## About this task
Write out the records again exactly and exclude the pictures.

::: Provided records :::

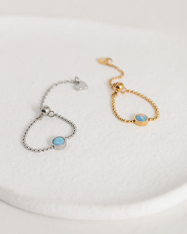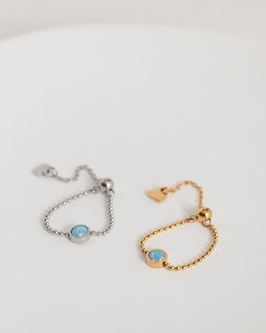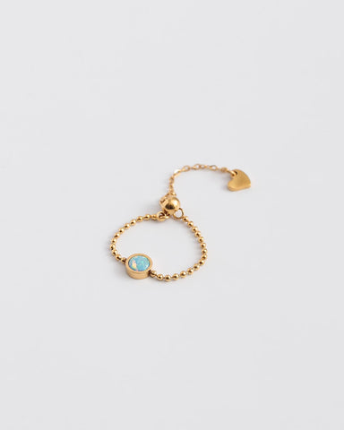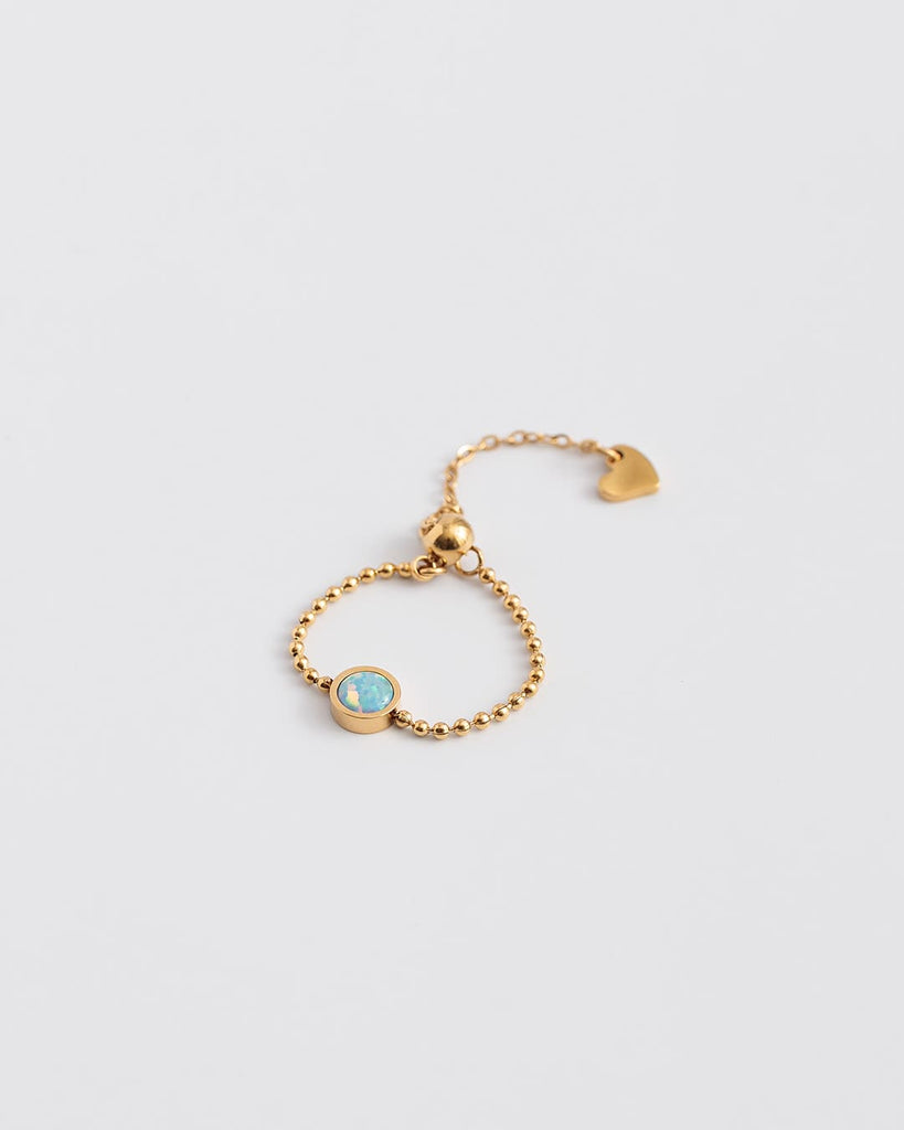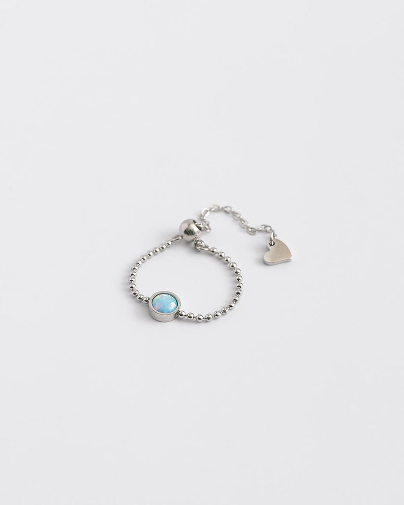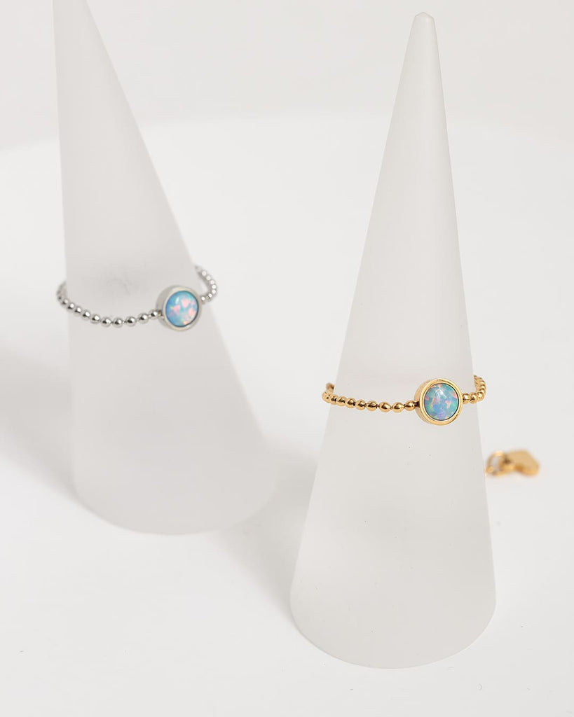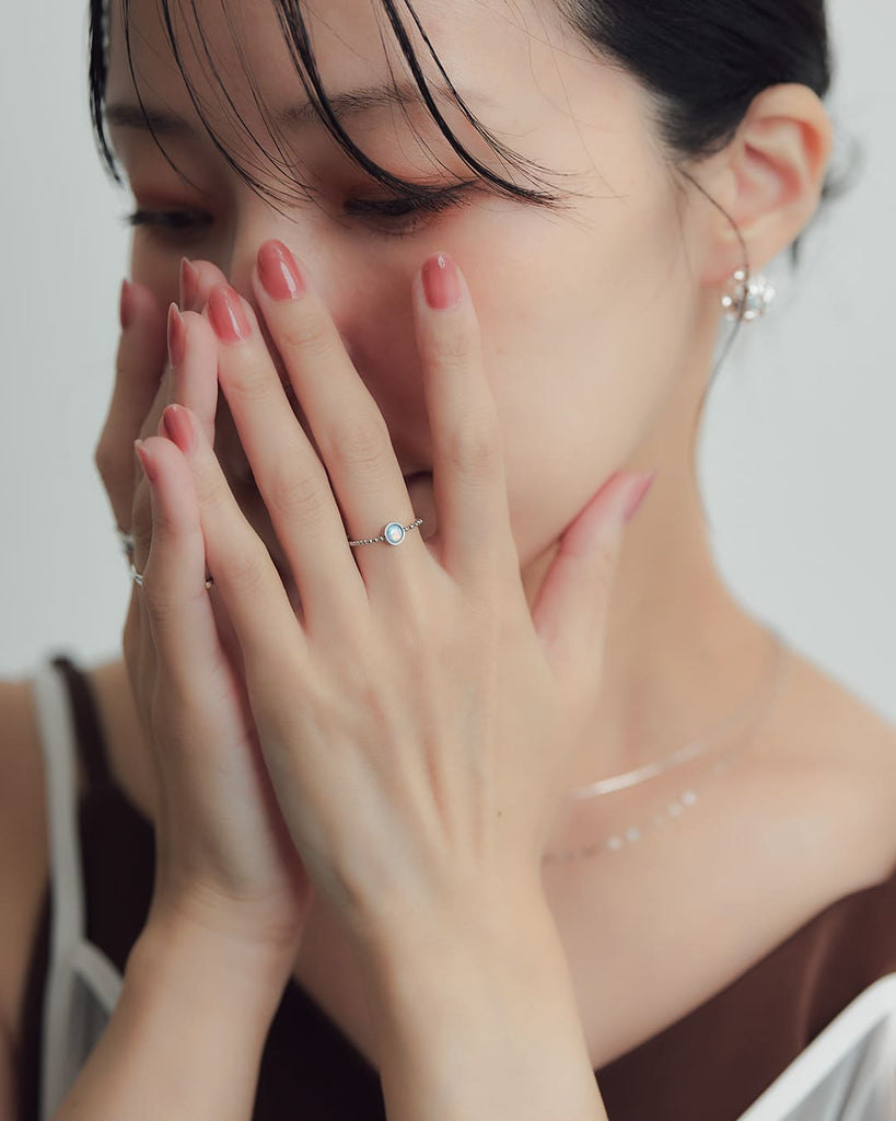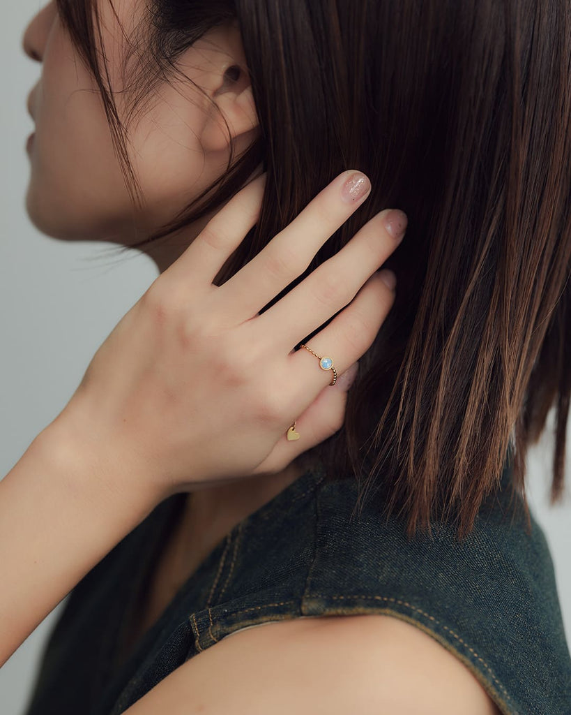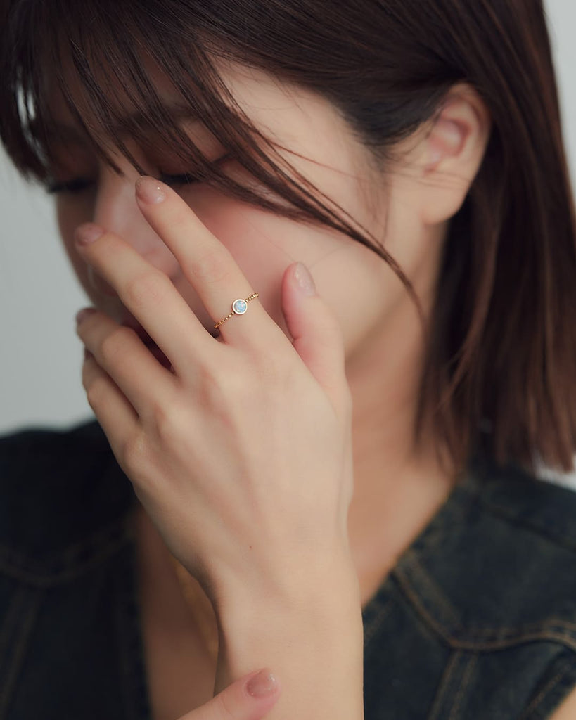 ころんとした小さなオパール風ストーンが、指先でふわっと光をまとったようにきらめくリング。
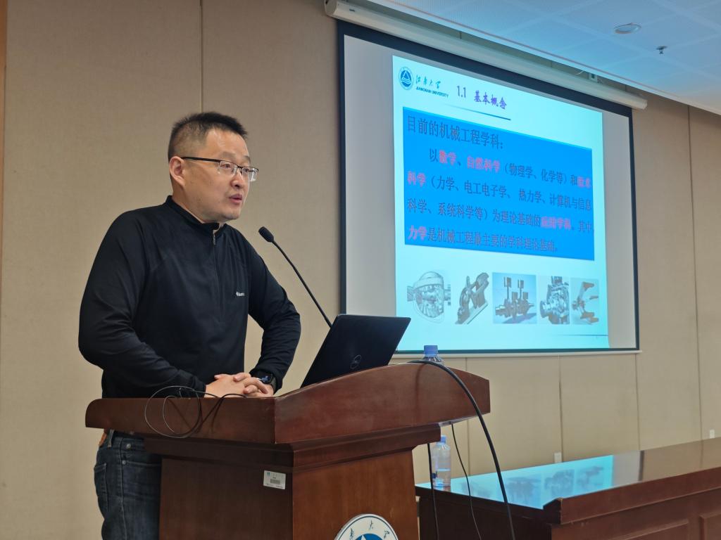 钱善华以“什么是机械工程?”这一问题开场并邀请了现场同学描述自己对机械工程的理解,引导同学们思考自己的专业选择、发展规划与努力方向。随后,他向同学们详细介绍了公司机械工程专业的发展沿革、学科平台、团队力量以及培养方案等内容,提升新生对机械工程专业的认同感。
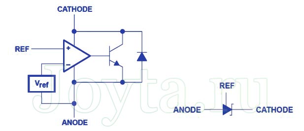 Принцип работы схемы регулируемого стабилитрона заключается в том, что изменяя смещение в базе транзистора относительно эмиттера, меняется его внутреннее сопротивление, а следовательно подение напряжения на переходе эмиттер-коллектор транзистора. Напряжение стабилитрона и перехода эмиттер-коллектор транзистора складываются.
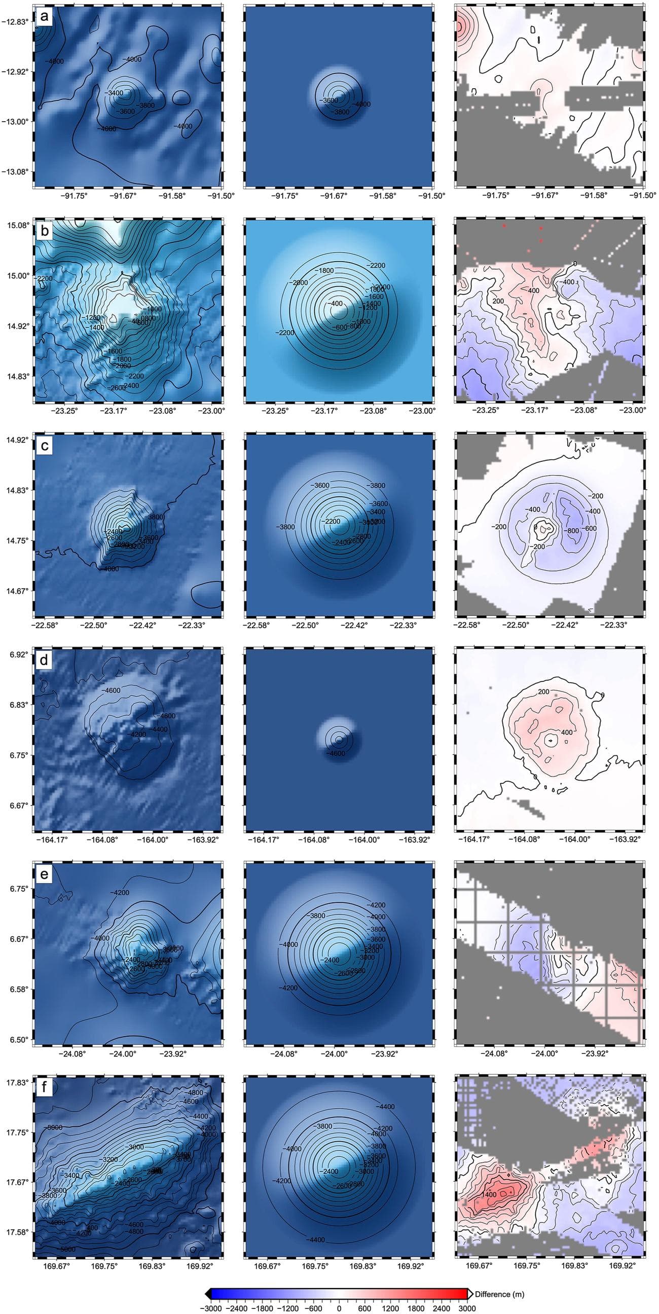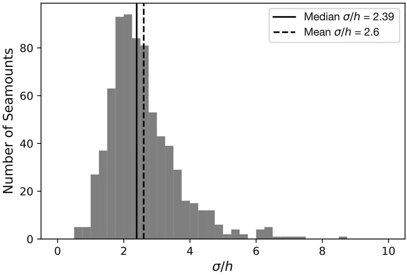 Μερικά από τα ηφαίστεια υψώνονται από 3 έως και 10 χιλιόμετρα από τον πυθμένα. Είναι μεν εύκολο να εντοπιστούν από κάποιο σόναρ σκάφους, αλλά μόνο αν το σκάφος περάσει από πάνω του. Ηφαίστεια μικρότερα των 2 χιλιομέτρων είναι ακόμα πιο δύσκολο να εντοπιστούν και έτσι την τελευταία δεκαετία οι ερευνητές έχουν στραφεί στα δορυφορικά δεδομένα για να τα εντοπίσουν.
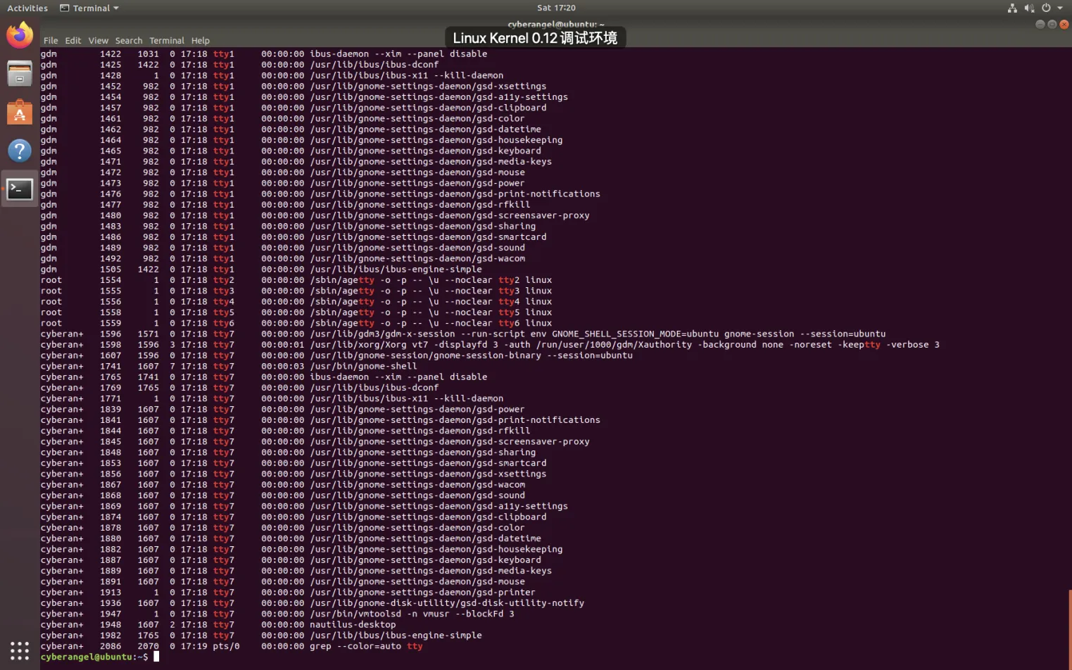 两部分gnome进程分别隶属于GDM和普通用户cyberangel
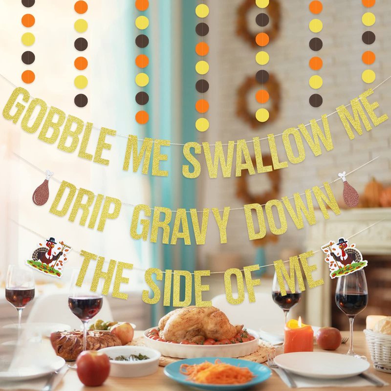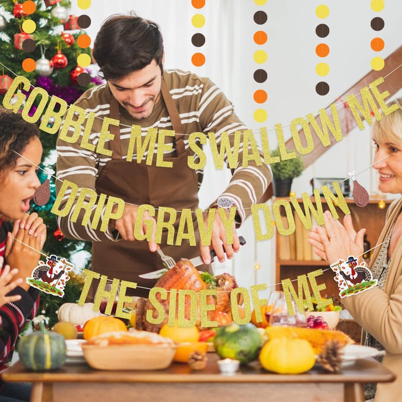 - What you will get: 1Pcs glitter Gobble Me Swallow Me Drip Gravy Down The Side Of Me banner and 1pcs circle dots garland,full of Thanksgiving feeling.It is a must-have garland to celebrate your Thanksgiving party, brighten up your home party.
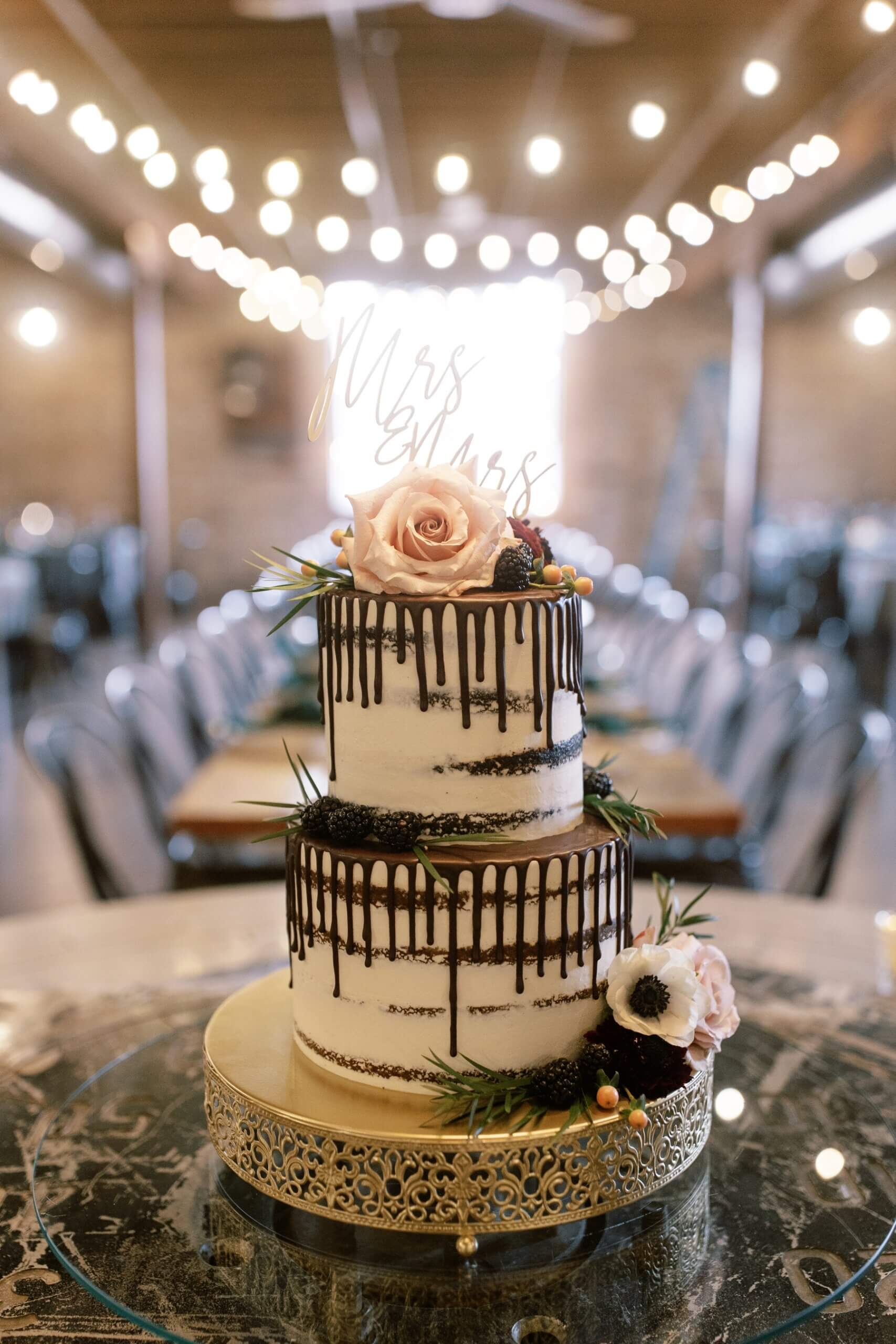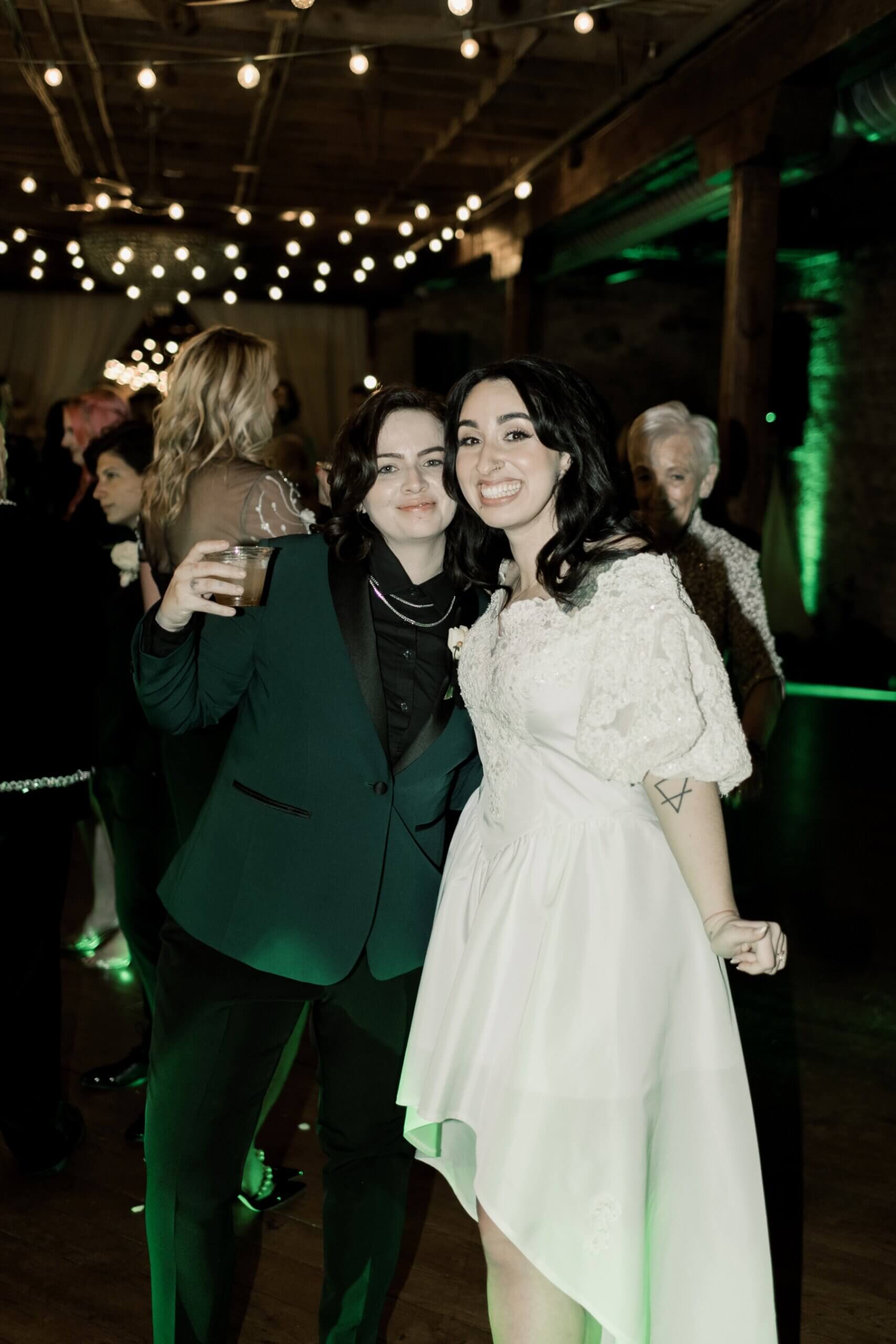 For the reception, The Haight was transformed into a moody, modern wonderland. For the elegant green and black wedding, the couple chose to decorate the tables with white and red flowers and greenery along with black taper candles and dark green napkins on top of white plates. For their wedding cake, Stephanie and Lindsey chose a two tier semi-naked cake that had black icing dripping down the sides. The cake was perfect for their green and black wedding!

:::

## Task answer
 ころんとした小さなオパール風ストーンが、指先でふわっと光をまとったようにきらめくリング。
 钱善华以“什么是机械工程?”这一问题开场并邀请了现场同学描述自己对机械工程的理解,引导同学们思考自己的专业选择、发展规划与努力方向。随后,他向同学们详细介绍了公司机械工程专业的发展沿革、学科平台、团队力量以及培养方案等内容,提升新生对机械工程专业的认同感。
 Принцип работы схемы регулируемого стабилитрона заключается в том, что изменяя смещение в базе транзистора относительно эмиттера, меняется его внутреннее сопротивление, а следовательно подение напряжения на переходе эмиттер-коллектор транзистора. Напряжение стабилитрона и перехода эмиттер-коллектор транзистора складываются.
 Μερικά από τα ηφαίστεια υψώνονται από 3 έως και 10 χιλιόμετρα από τον πυθμένα. Είναι μεν εύκολο να εντοπιστούν από κάποιο σόναρ σκάφους, αλλά μόνο αν το σκάφος περάσει από πάνω του. Ηφαίστεια μικρότερα των 2 χιλιομέτρων είναι ακόμα πιο δύσκολο να εντοπιστούν και έτσι την τελευταία δεκαετία οι ερευνητές έχουν στραφεί στα δορυφορικά δεδομένα για να τα εντοπίσουν.
 两部分gnome进程分别隶属于GDM和普通用户cyberangel
 - What you will get: 1Pcs glitter Gobble Me Swallow Me Drip Gravy Down The Side Of Me banner and 1pcs circle dots garland,full of Thanksgiving feeling.It is a must-have garland to celebrate your Thanksgiving party, brighten up your home party.
 For the reception, The Haight was transformed into a moody, modern wonderland. For the elegant green and black wedding, the couple chose to decorate the tables with white and red flowers and greenery along with black taper candles and dark green napkins on top of white plates. For their wedding cake, Stephanie and Lindsey chose a two tier semi-naked cake that had black icing dripping down the sides. The cake was perfect for their green and black wedding!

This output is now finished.